I’m a homeschooling mom. Three kids – two of them old enough to be in school. The little guy is old enough to cling incessantly to my pants leg and beg to be held whilst simultaneously mouthing small, chokable objects. All three of them are my heart and soul, each with his or her own little room in that interior castle. On days like today when I’ve stepped on the last toy I can handle and my words of instruction have fallen on deaf ears and the toddler is biting the tips off the crayola markers (blue drool dripping down his chin), I remind myself that I never wanted to be in this place. I never wanted round the clock child rearing. I never wanted to teach little people to read, to count money, to add three digit numbers or make a diorama of a butterfly life cycle. I always wanted children, and I’m grateful we have the little bugs we’ve been gifted. But teach my own kids? I fought the call to the homeschool life harder than a Lego jamming my tender flesh. I was a high school English teacher, after all. What could I do with a one room schoolhouse of real little people?

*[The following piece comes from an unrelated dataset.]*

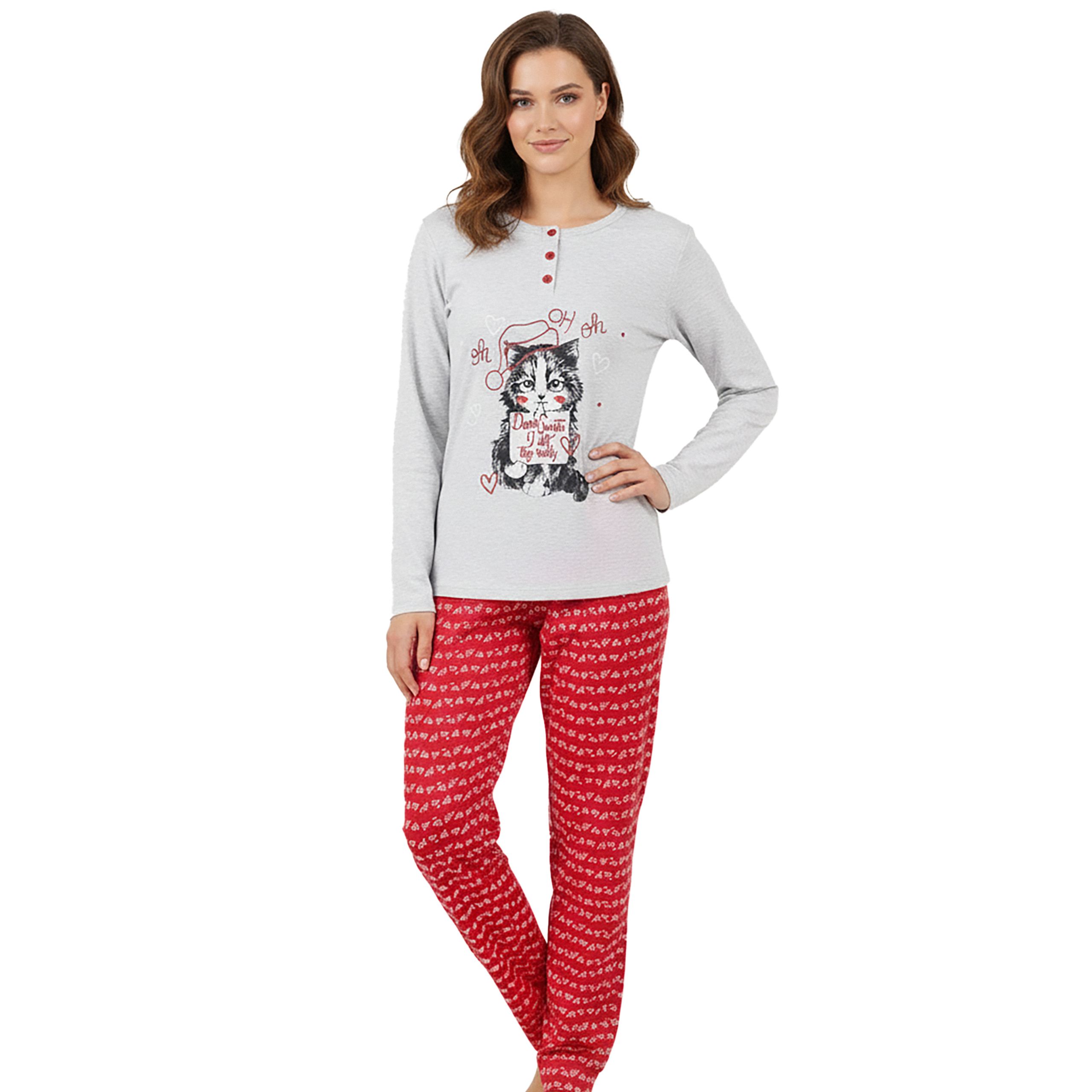 INFIORE Piżama Damska Długi Rękaw Guziki Kieszeń CAT

And yet here I am. Thrust into this life of schoolbooks in every corner, math in every making-waffles-for-breakfast, critical thinking skill practice at every red light. I’m knee deep in well intentioned Jesse tree projects (forgotten), review week scrap book pages (set aside), and educational screen time options (preferred). Right now it feels like I’m surviving on the fumes of a whispered prayer: a desperate plea for Mother Mary’s guidance that I might be the mother my children need, the teacher they’ve always wanted. I may have even shared with my young pupils this morning that yes, some days I really dislike homeschooling.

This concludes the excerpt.